With Spearman's rank correlation coefficient we can identify whether two variables have a monotonic function relation (that is, when one number increases, the other number will also increase, or vice versa). To calculate Spearman's rank correlation coefficient, you need to rank and compare data sets to find d2, and then enter the data into the standard or simplified Spearman rank correlation coefficient formula. You can also calculate these coefficients using Excel formulas or the R command.
Step
Method 1 of 3: Manual way
Step 1. Create a table
The table is used to include all the information needed to calculate the Spearman Rank Correlation Coefficient. You need a table like this:
- Create 6 columns with headings, as in the example.
- Prepare as many blank rows as the number of data pairs.
Step 2. Fill in the first two columns with data pairs
Step 3. Enter the ranking of the first column of data groups in the third column from 1 to n (number of data)
Give a rating of 1 for the lowest value, a rating of 2 for the next lowest value, and so on.
Step 4. In the fourth column, do the same as in step 3, but to rank the data in the second column
-
If there are two (or more) data that have the same value, calculate the average rating of the data, then enter it into a table based on this average value.
In the example on the right, there are two values of 5 in the ratings 2 and 3. Since there are two 5s, find the average of the ratings. The average of 2 and 3 is 2.5, so enter a rating value of 2.5 for both values 5.
Step 5. In column "d" calculate the difference between the two numbers in the rank column
That is, if one column is ranked 1 and the other column is ranked 3, the difference is 2. (The sign doesn't matter, because the next step is to square the value.)
Step 6. Square each number in column "d" and write the result in column "d2".
Step 7. Add up all data in column d2".
The result is d2.
Step 8. Choose one of the following formulas:
-
If none of the ratings are the same as in the previous step, enter this value in the simplified Spearman Rank Correlation Coefficient formula
and replace "n" with the number of data pairs to get the result.
-
If there is a similar rank in the previous step, use the standard Spearman Rank Correlation Coefficient formula:
Step 9. Interpret the results
The value can vary between -1 and 1.
- If the value is close to -1, the correlation is negative.
- If the value is close to 0, there is no linear correlation.
- If the value is close to 1, the correlation is positive.
Method 2 of 3: Using Excel
Step 1. Create a new column for the data along with its ranking
For example, if your data is in Column A2:A11, use the formula "=RANK(A2, A$2:A$11)", and copy it down until it covers all the columns and rows.

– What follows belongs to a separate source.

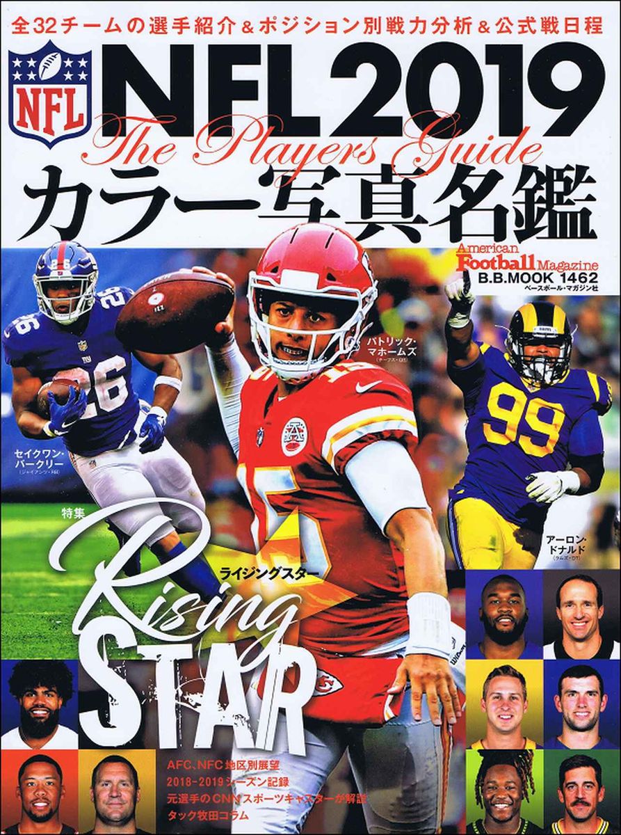 8月29日(木)発売に発売される『NFL2019カラー写真名鑑』(ベースボール・マガジン社)では、NFLを席巻する期待のゴールデンボーイたち「RISING STAR」を大特集する。
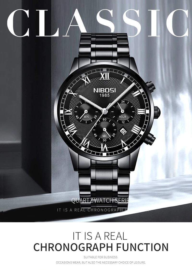 NIBOSI мужские часы Топ бренд класса люкс известный кварцевые часы мужские водонепроницаемые Rattrapante хронограф военный Relogio Masculino

Step 2. Change the same rating as described in steps 3 and 4 of method 1
Step 3. In the new cell, calculate the correlation between the two rank columns with the formula "=CORREL(C2:C11, D2:D11)"
In this example, C and D refer to the column where the ranking is located. The new cell will be filled with the Spearman Rank Correlation.
Method 3 of 3: Using R
Step 1. Install the R program first if you don't have it already
(See
Step 2. Save your data in CSV form, put the data you want to find the correlation in the first two columns
We can do this by using the "Save as" menu.
Step 3. Open the R Editor
If you're working from the terminal, just run R. If you're working from the desktop, click the R icon.
Step 4. Type the following command:
- d <- read.csv("NAME_OF_YOUR_CSV.csv") and press Enter.
- cast(rank(d[, 1]), rank(d[, 2]))
Tips
The data must consist of at least 5 pairs so that the trend can be seen (the number of data is 3 pairs in the example only to simplify calculations.)
Warning
- The Spearman rank correlation coefficient only identifies the strength of the correlation where the data rises or falls consistently. If there is another trend in the data, Spearman's rank correlation no will provide an accurate representation.
- This formula is based on the assumption that there are no equal ratings. When there is the same rank as in the example, we should use this definition: the correlation coefficient of the multiplication moment by rank.